Moi : NON ! L'autre endroit ou se
retrouve les âmes perdues !
Nonalf : Fesse-bouc ? Mais non, c'est
pour les zoophiles, comme son nom l'indique. Tu es quand même très
dérangé mon pauvre ami. Dans quel endroit vas tu trainer ?
Moi : Peu t'importe. Et tu veux qu'on
fasse quoi alors avec tes poissons pourris ?

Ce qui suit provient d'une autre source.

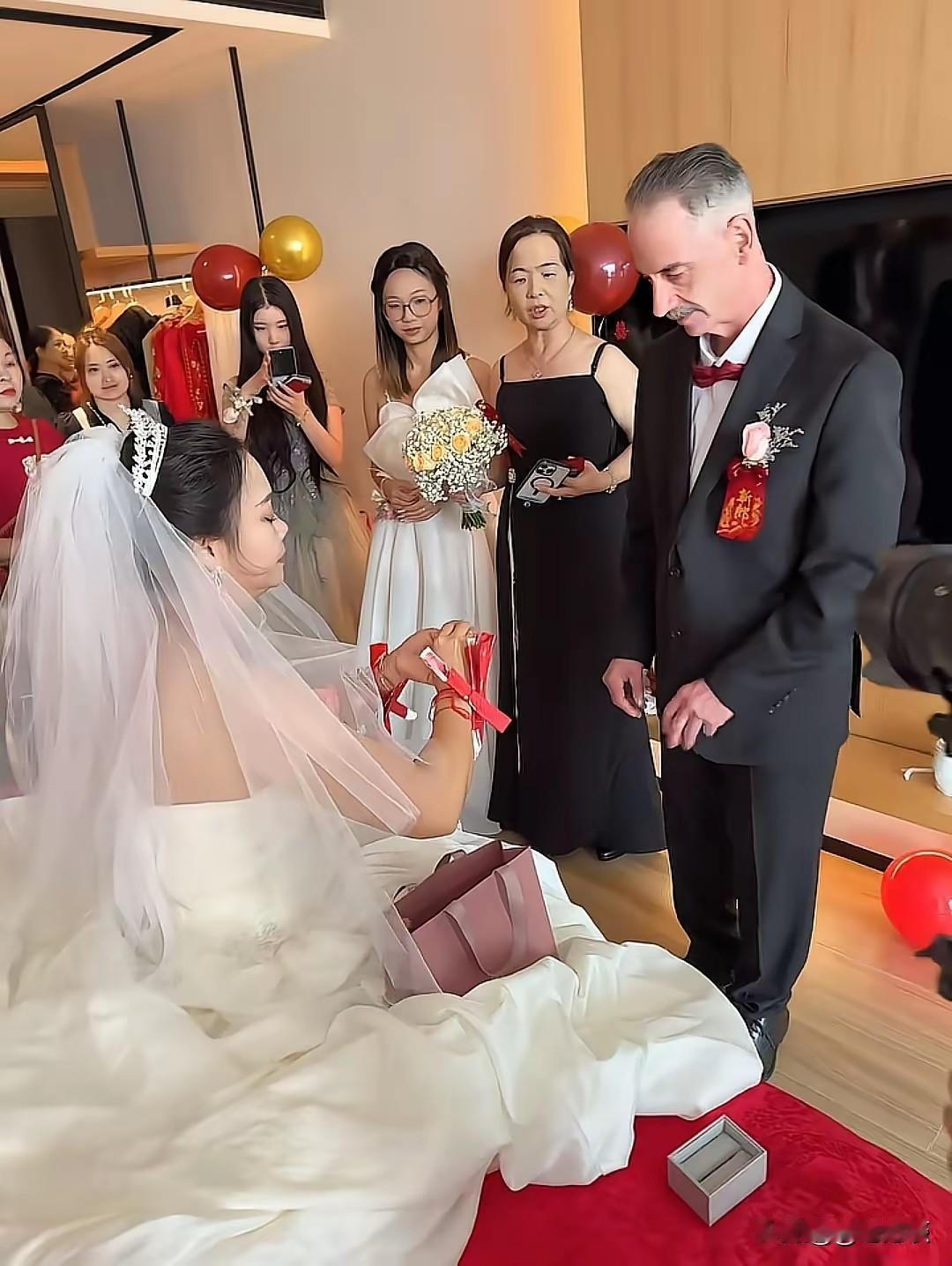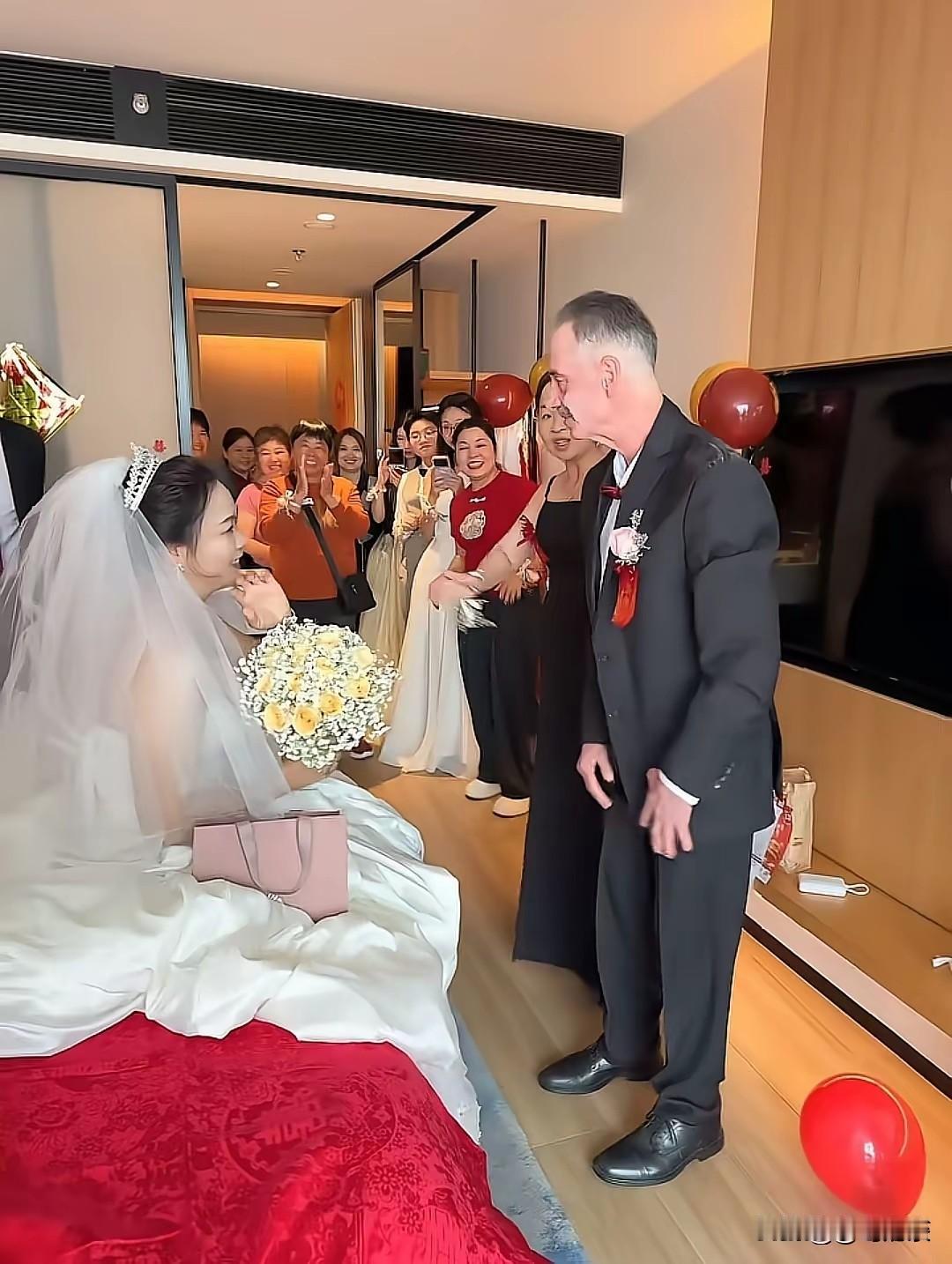中国美女如愿以偿嫁给了外国老头,高兴的抑制不住,从她喜笑颜开的脸上看到了她的喜悦,而且她的亲朋好友热烈鼓掌送上了美好的祝福,每个人都是喜笑颜开!虽然新郎官年龄不小,甚至都可以当新娘的爷爷,但是绿卡到手。 新娘的朋友们投来了羡慕的眼光,毕竟中外结合,从此攀上了高枝,生活一飞冲天,老少配也是现在流行的搭配。

Nonalf : Tu vas te faire passer pour un
admirateur, tu lui diras que tu connais la personne parfaite pour
elle, tu lui diras à quel point je suis grand, beau et juste, tu lui
relaieras mes baisers enflammés, tu lui enverras mes mouchoirs pour
sécher ses larmes, tu lui enverras mon espoir lorsqu'elle sera au
fond de l'abime du désespoir...
Moi : Et tout ça sans qu'elle me
préfère moi au final ?
Nonalf : … T'as raison c'est un plan
de merde... »
Mon acolyte se lève.
Il va alors à la fenêtre donnant sur
son labyrinthe végétal.
« Tu sais me dit il, parfois je
me prends à réver que la vie est clémente. Qu'une fois, une seule,
nous serons heureux. Libéré des contraintes de la société. De son
carcan moral. De ses préjugés intellectuelles qui dénigrent tout
et tout le monde. Mais je me rends compte que cette salope de société
est aussi la seule à pouvoir nous l'apporter. Et elle nous tente
tous les jours. Sale pute. On paye notre électricité, notre eau,
notre nourriture... C'est rien qu'une sale pute. Et on a quoi en
retour ? Après nous avoir tenté avec ses jambes galbées et ses
fesses moulées dans un short indécent elle nous laisse nous
branler. Sale pute. »
J'inspire.
J'expire alors mon dépit mâtiné de
rage dans la tirade suivante :
«
Ce jour est définitivement à marquer
d'une angine blanche. Aujourd'hui, toi, l'un de mes meilleurs amis,
un homme à l'intelligence mal appropriée, mal usitée mais sur
laquelle je peux compter, tu te révèles être impuissant face à
une situation banale. C'est déjà un haut-fait.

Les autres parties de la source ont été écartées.